**Your objective**
Please set down exactly the lines of the listing below from the line containing "2025年中国大陆电视出口格局生变:中东非跃居首位,北美市场退居第三" through the line containing "18.00 | 10 руб. |", both lines included, leaving out all other lines.

**Given entries**
◆ ◆ ◆ ◆
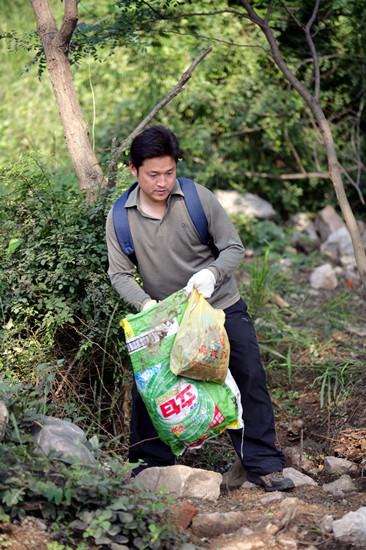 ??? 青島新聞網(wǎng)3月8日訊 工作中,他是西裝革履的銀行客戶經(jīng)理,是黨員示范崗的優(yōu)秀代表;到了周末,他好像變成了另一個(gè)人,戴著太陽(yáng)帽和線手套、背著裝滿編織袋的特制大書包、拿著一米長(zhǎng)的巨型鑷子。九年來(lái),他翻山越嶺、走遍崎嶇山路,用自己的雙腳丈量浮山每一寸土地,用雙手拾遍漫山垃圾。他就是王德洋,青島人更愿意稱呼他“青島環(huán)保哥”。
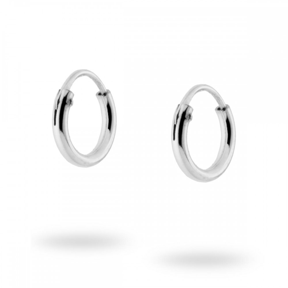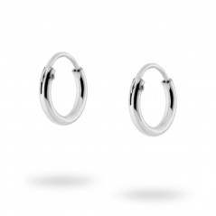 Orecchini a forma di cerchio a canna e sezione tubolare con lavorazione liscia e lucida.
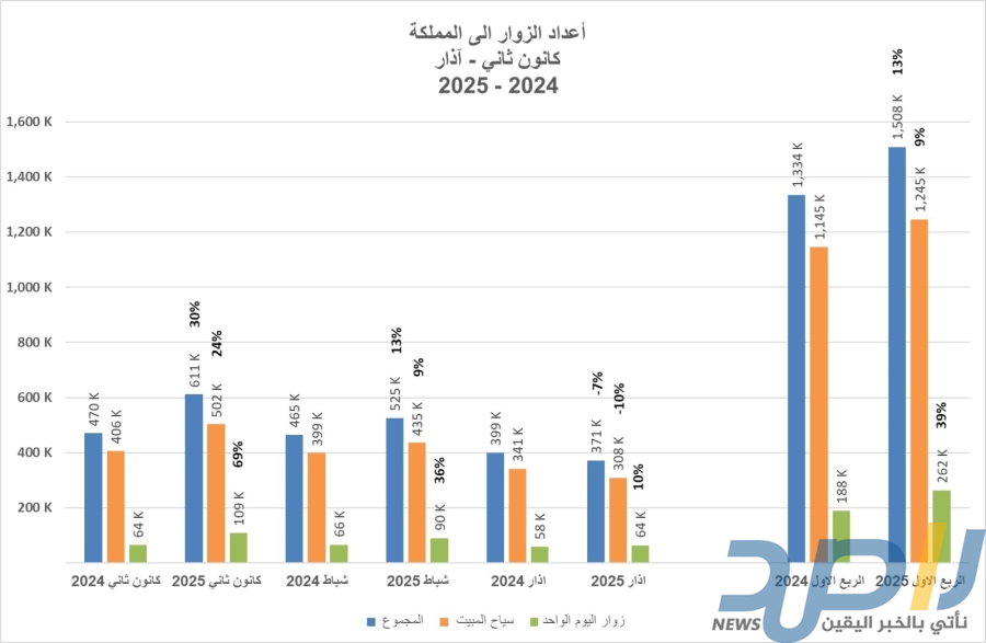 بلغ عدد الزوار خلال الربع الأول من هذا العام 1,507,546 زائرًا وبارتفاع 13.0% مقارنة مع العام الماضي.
◆ ◆ ◆ ◆
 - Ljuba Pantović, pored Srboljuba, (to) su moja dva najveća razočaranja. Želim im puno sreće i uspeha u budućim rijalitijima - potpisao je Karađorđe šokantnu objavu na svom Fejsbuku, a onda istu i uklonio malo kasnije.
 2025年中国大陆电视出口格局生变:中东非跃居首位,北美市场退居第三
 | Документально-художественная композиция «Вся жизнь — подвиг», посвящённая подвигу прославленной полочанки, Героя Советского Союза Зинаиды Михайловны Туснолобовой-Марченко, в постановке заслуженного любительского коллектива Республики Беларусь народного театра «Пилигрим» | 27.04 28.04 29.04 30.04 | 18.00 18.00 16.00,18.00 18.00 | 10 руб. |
◆ ◆ ◆ ◆
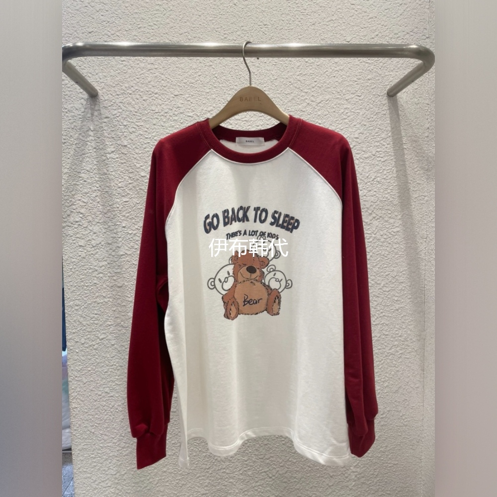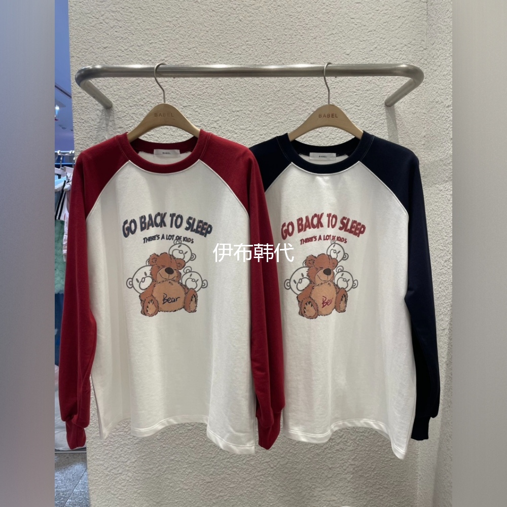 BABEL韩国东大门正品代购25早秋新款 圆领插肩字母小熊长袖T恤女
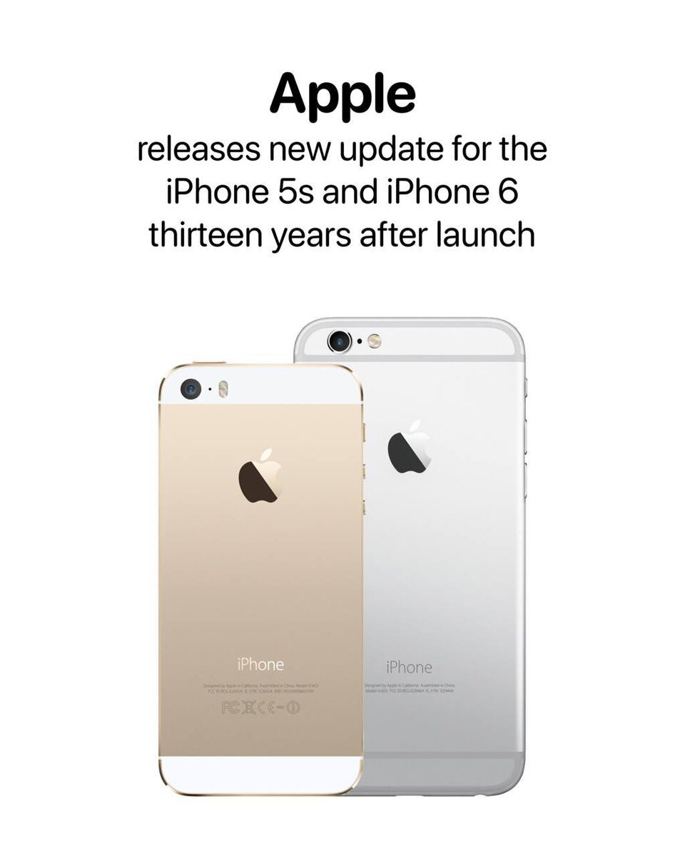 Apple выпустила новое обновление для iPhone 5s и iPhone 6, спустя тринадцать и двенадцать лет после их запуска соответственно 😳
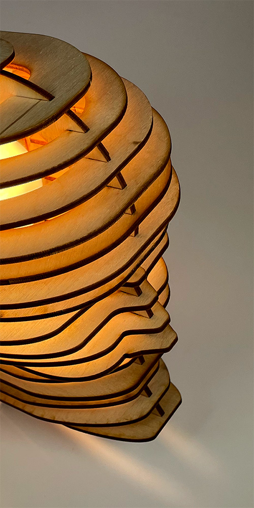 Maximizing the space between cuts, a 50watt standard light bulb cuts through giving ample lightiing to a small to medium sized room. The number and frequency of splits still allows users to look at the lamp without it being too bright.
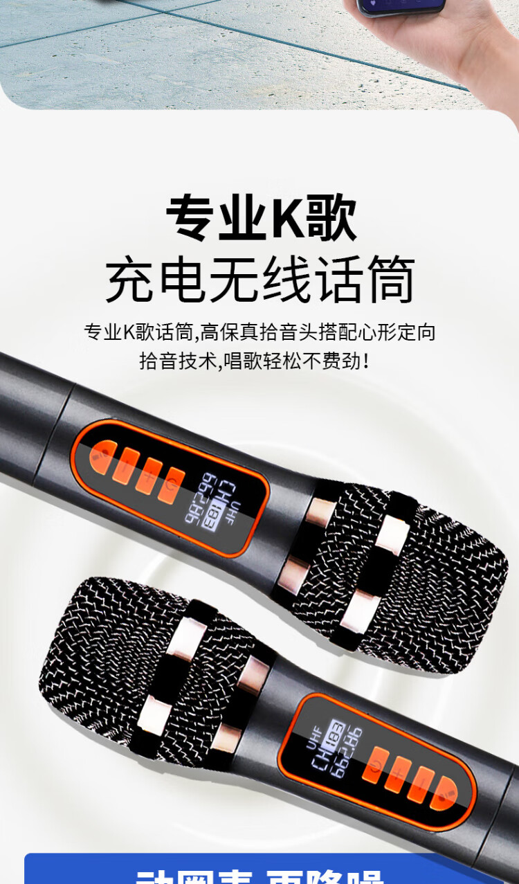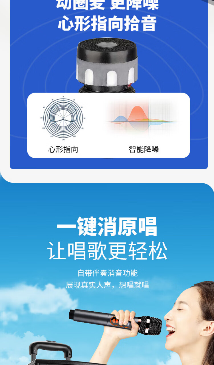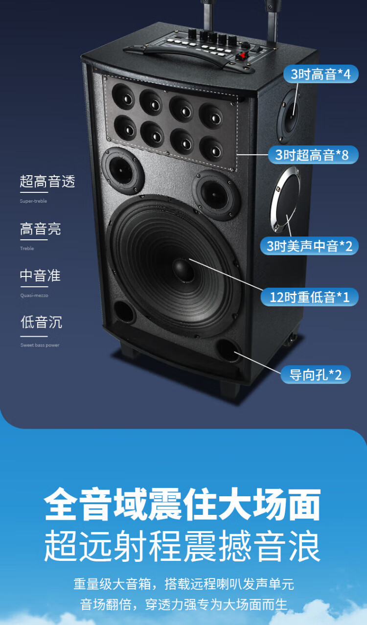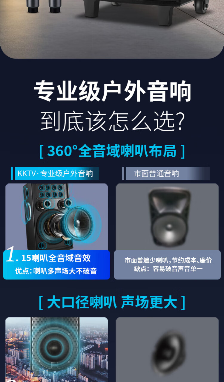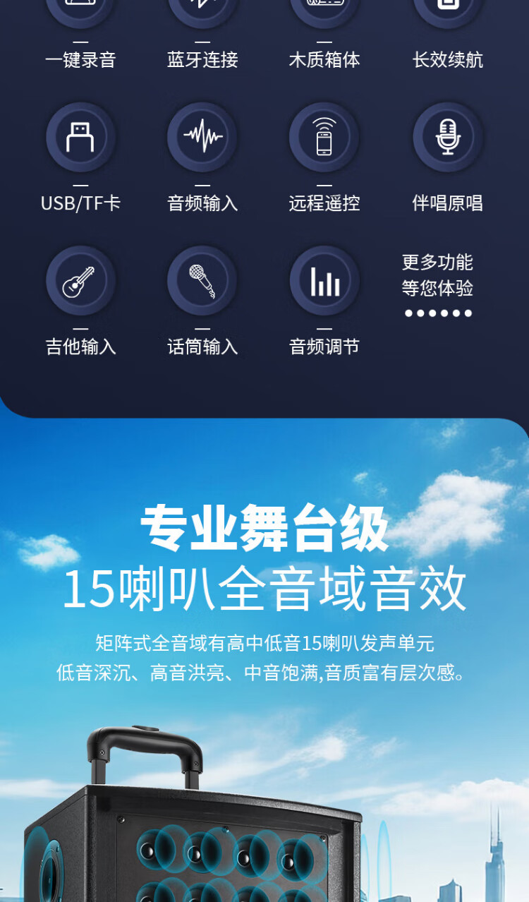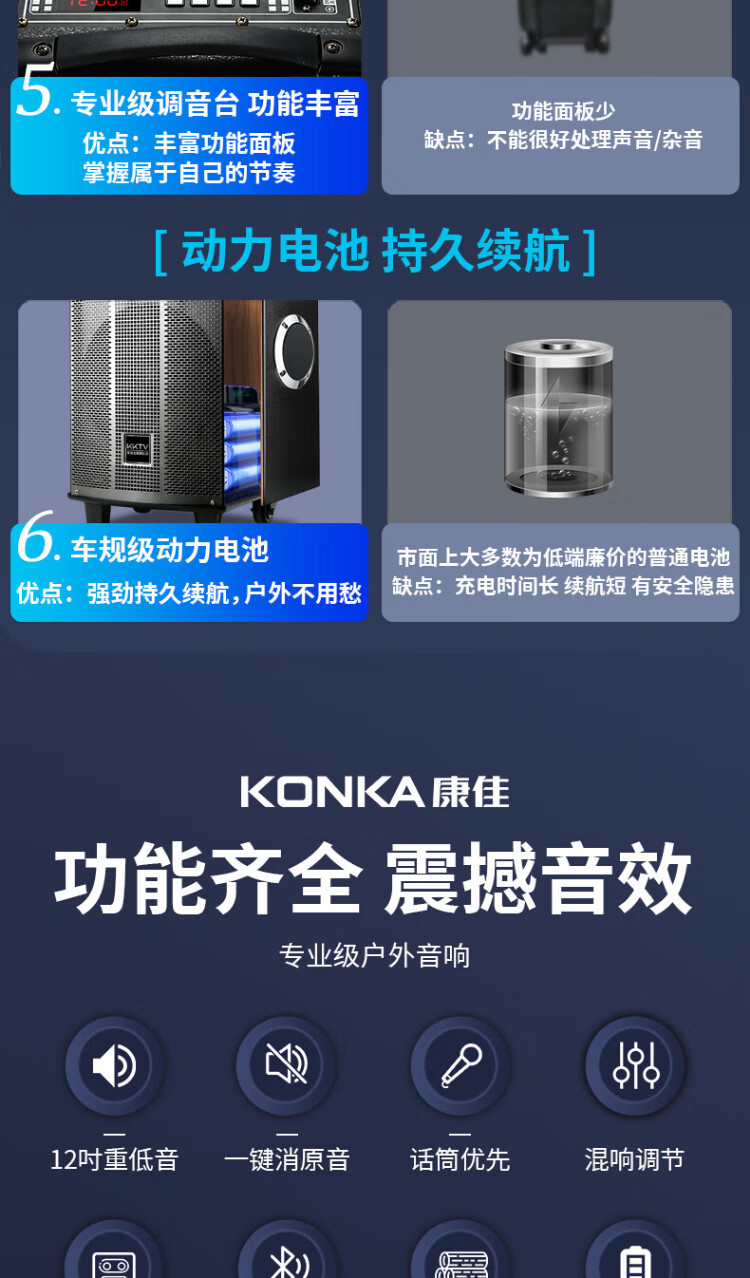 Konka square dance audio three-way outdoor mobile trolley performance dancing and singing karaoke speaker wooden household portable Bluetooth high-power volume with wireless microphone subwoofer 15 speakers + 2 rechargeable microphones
◆ ◆ ◆ ◆
**Output**
 2025年中国大陆电视出口格局生变:中东非跃居首位,北美市场退居第三
 | Документально-художественная композиция «Вся жизнь — подвиг», посвящённая подвигу прославленной полочанки, Героя Советского Союза Зинаиды Михайловны Туснолобовой-Марченко, в постановке заслуженного любительского коллектива Республики Беларусь народного театра «Пилигрим» | 27.04 28.04 29.04 30.04 | 18.00 18.00 16.00,18.00 18.00 | 10 руб. |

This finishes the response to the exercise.